Exactly repeat the full listing that follows.

> Exercise data

Start of Block

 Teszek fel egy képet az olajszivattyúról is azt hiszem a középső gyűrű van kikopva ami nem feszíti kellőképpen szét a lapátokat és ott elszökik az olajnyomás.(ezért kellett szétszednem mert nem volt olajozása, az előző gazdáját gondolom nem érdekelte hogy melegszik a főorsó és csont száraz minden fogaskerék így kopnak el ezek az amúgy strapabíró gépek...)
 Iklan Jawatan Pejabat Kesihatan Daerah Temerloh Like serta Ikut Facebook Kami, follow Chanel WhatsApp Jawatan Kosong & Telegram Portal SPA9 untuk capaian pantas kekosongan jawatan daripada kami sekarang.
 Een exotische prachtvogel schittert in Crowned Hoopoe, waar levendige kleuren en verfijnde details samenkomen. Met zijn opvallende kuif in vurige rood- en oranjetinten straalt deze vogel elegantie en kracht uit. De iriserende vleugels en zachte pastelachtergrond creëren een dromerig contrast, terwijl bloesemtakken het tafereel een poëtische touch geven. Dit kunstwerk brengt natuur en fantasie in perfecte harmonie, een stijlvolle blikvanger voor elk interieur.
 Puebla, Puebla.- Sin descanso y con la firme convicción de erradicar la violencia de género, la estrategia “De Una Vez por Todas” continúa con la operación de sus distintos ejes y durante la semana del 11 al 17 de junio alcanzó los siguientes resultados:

End of Block

> Answer for the task
 Teszek fel egy képet az olajszivattyúról is azt hiszem a középső gyűrű van kikopva ami nem feszíti kellőképpen szét a lapátokat és ott elszökik az olajnyomás.(ezért kellett szétszednem mert nem volt olajozása, az előző gazdáját gondolom nem érdekelte hogy melegszik a főorsó és csont száraz minden fogaskerék így kopnak el ezek az amúgy strapabíró gépek...)
 Iklan Jawatan Pejabat Kesihatan Daerah Temerloh Like serta Ikut Facebook Kami, follow Chanel WhatsApp Jawatan Kosong & Telegram Portal SPA9 untuk capaian pantas kekosongan jawatan daripada kami sekarang.
 Een exotische prachtvogel schittert in Crowned Hoopoe, waar levendige kleuren en verfijnde details samenkomen. Met zijn opvallende kuif in vurige rood- en oranjetinten straalt deze vogel elegantie en kracht uit. De iriserende vleugels en zachte pastelachtergrond creëren een dromerig contrast, terwijl bloesemtakken het tafereel een poëtische touch geven. Dit kunstwerk brengt natuur en fantasie in perfecte harmonie, een stijlvolle blikvanger voor elk interieur.
 Puebla, Puebla.- Sin descanso y con la firme convicción de erradicar la violencia de género, la estrategia “De Una Vez por Todas” continúa con la operación de sus distintos ejes y durante la semana del 11 al 17 de junio alcanzó los siguientes resultados:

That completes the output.